I guess it depends what you want to do with it. If its very light weight touring then I guess a road bike may have a few advantages (speed). if your looking for a cheap option, 2nd hand mtb's are great for touring (but slow).

If you are just looking for a 'taster' of touring then you could stick everything on plastic and go "credit card" touring with just a handlebar bag. Or else get a companion to come on holiday with you by car to take all the stuff. But neither of these options are as liberating as carrying all your own gear and heading off.
 

willem

Über Member
Depends a bit on how racey the road bike is. If it is a modern highly specific racer, forget about it. If it is an older steel racing bike, and even with perhaps more clearance for wider tyres, you can use it for hostelling or very light camping. In that case, a Carradice Nelson Longflap or Camper Longflap may be the most appropriate bags.
There are problems with road bikes:
Most frames are not stiff and strong enough for serious touring.
Modern road bikes lack the clearance for a tyres wider than 28 or even 25 mm without mudguards. Narrow tyres on a loaded bike have to be pumped up very very very hard.
Modern racing wheels with few spokes and fancy patterns are often not strong enough.
Geometry is nervous and uncomfortable.
Gearing is too high.
They may lack fittings for a rear carrier, although that can often be solved.

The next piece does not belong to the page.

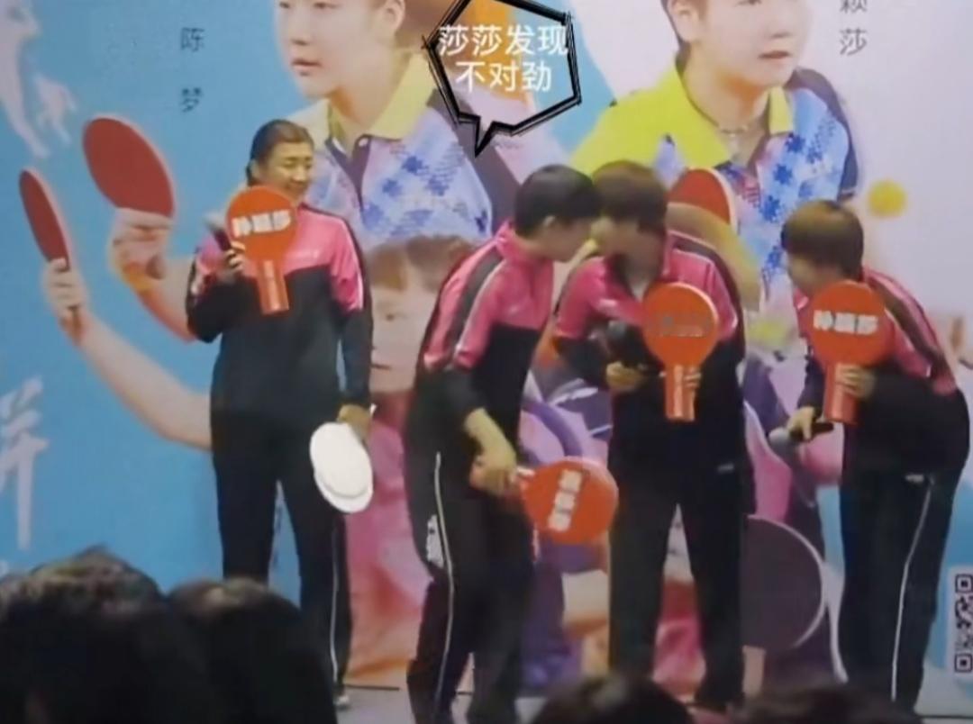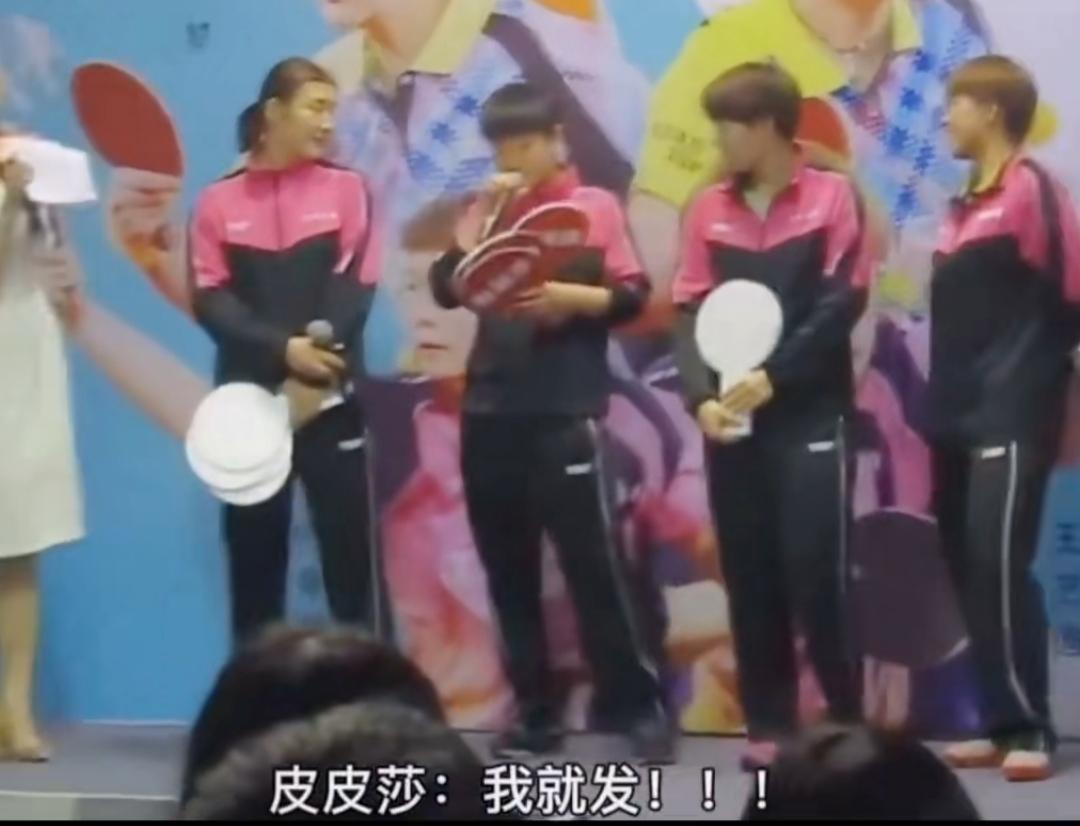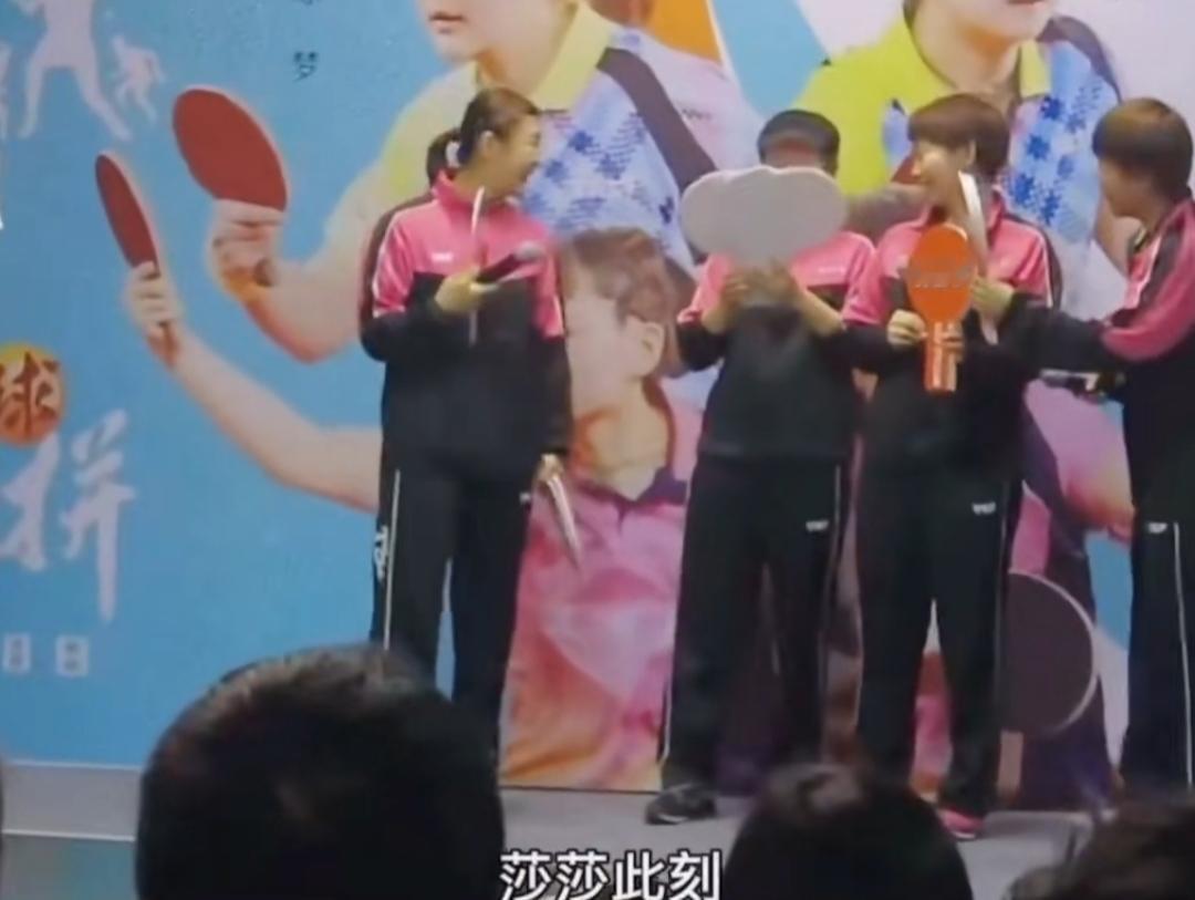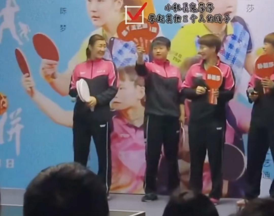 猜猜猜!大家都一致选择了孙颖莎,看来早年的莎莎太喜欢分享了。 主持人问大家:“如果让你们朋友圈屏蔽掉一个人,你们想选谁?” 陈梦、王艺迪、佳佳都选了孙颖莎,台下大家都笑了,莎莎感觉不对劲赶紧转头看大家都选了自己。 小机灵鬼莎莎赶紧倒腾手中的姓名牌,依次摆好,把他们三人的名字都亮出来。 太好笑了,一边亮牌的莎莎一边大声说:“我就要发朋友圈。” 因为莎莎,现场太欢乐了!

Older racing bikes often had stronger frames, more clearance, a more comfortable geometry, and fittings for a rear rack. They were more like what we now call an audax bike. If you have one of those, you can use it, provided you limit the luggage to something like 10 kg. That is possible: ultralight hikers carry less. Visit their websites for inspiration.

So if you want to go this way, and if your bike is not too racey, focus your attention on lightening your load, take a hard look at your rear wheel (perhaps get a traditional handbuilt 36 spoke rear wheel with a heavy rim), avoid anything off road, fit the widest possible touring tyres (Panaracer Pasela), get SKS raceblades for mudguards, perhaps raise your handlebar, lower your gearing somewhat.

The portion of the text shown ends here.